WHAT YOU HAVE TO DO
Would you transcribe the records below exactly, omitting every picture?
• • • • • • •
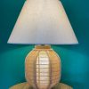 / עששית קש גובה 34 ס"מ עם אהיל ונורה פנימית + אהיל קונוס בד יוטה מידה 25*50(31 גובה)
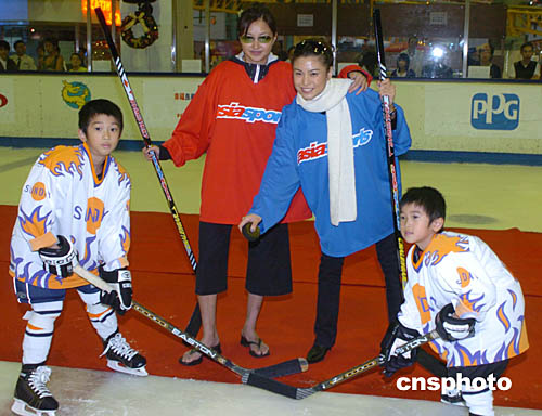 香港藝人李綺虹﹑廖碧兒25日在香港西九龍中心為2004年亞太區少兒冰球賽開球。
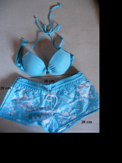 0Nabízím tyto nenošené modrobílé plavky koupeny v New Yorkeru minulý rok. Já mám prsa 75B, u spodního dílu jsou míry uvedeny na fotce, ale na štítku je 38.
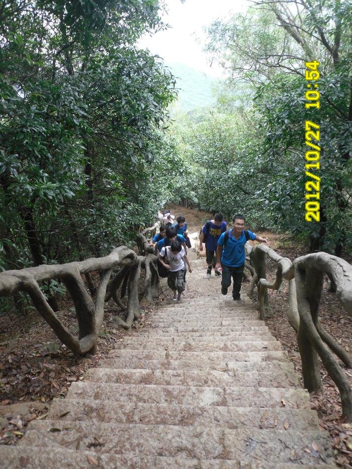 一行三十多人從梧桐村入口處,沿著逶迤陡峭的山路,穿過蔭翳的林木,向山頂一路攀登。 由于道路極為曲折,沒走多久,個個都已是汗流浹背,疲憊不已。但越是往前走,越是可以看到更多的美景。一路上,大家相互扶持著、鼓勵著,以堅定的信念、頑強的毅力不斷往前爬去,挑戰每一個臺階,每一段路途,朝著山頂目標勇敢的前進。當站在好漢坡一帶,迎著晨暉,眺望香港、大鵬灣、鹽田港和沙頭角,海闊天空,心曠神怡,頗有會當凌絕頂,一覽眾山小之感,更有鳳兮來儀、飄飄欲仙之意。
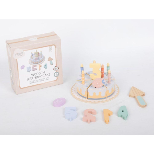 Drevený narodeninový tort so sviečkami a číslami umožní deťom sláviť narodeniny pokojne každý deň. Drevená hračka v podobe krájacieho tortu je skvelým doplnkom do detskej kuchynky aj obchodu. S dreveným tortom bude pripraviť narodeninovú oslavu pre oblúbeného plyšáka hračkou aj veľkou zábavou. Tortu môžu deti porcovať a touto dobrotou pohostiť všetkých účastníkov hostiny, predávať ju v detskom obchode, cukrárni alebo kaviarni.
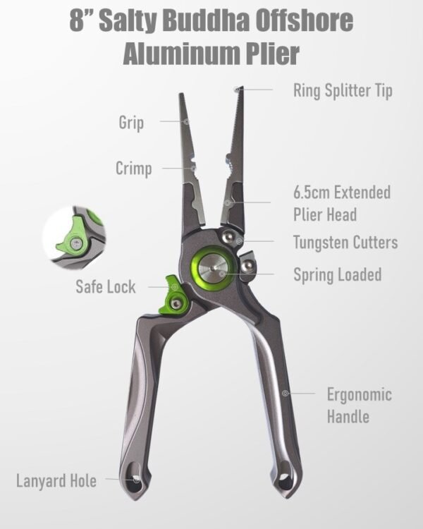 Gear up with the pliers every serious offshore angler needs. The Salty Buddha Offshore Pliers are designed to take on the harshest saltwater conditions with corrosion-resistant construction and a lightweight, aircraft-grade aluminum frame. Strong, precise, and built for daily use, these pliers are an essential tool for rigging, crimping, and handling your catch.
• • • • • • •
OUTPUT BELOW
 / עששית קש גובה 34 ס"מ עם אהיל ונורה פנימית + אהיל קונוס בד יוטה מידה 25*50(31 גובה)
 香港藝人李綺虹﹑廖碧兒25日在香港西九龍中心為2004年亞太區少兒冰球賽開球。
 0Nabízím tyto nenošené modrobílé plavky koupeny v New Yorkeru minulý rok. Já mám prsa 75B, u spodního dílu jsou míry uvedeny na fotce, ale na štítku je 38.
 一行三十多人從梧桐村入口處,沿著逶迤陡峭的山路,穿過蔭翳的林木,向山頂一路攀登。 由于道路極為曲折,沒走多久,個個都已是汗流浹背,疲憊不已。但越是往前走,越是可以看到更多的美景。一路上,大家相互扶持著、鼓勵著,以堅定的信念、頑強的毅力不斷往前爬去,挑戰每一個臺階,每一段路途,朝著山頂目標勇敢的前進。當站在好漢坡一帶,迎著晨暉,眺望香港、大鵬灣、鹽田港和沙頭角,海闊天空,心曠神怡,頗有會當凌絕頂,一覽眾山小之感,更有鳳兮來儀、飄飄欲仙之意。
 Drevený narodeninový tort so sviečkami a číslami umožní deťom sláviť narodeniny pokojne každý deň. Drevená hračka v podobe krájacieho tortu je skvelým doplnkom do detskej kuchynky aj obchodu. S dreveným tortom bude pripraviť narodeninovú oslavu pre oblúbeného plyšáka hračkou aj veľkou zábavou. Tortu môžu deti porcovať a touto dobrotou pohostiť všetkých účastníkov hostiny, predávať ju v detskom obchode, cukrárni alebo kaviarni.
 Gear up with the pliers every serious offshore angler needs. The Salty Buddha Offshore Pliers are designed to take on the harshest saltwater conditions with corrosion-resistant construction and a lightweight, aircraft-grade aluminum frame. Strong, precise, and built for daily use, these pliers are an essential tool for rigging, crimping, and handling your catch.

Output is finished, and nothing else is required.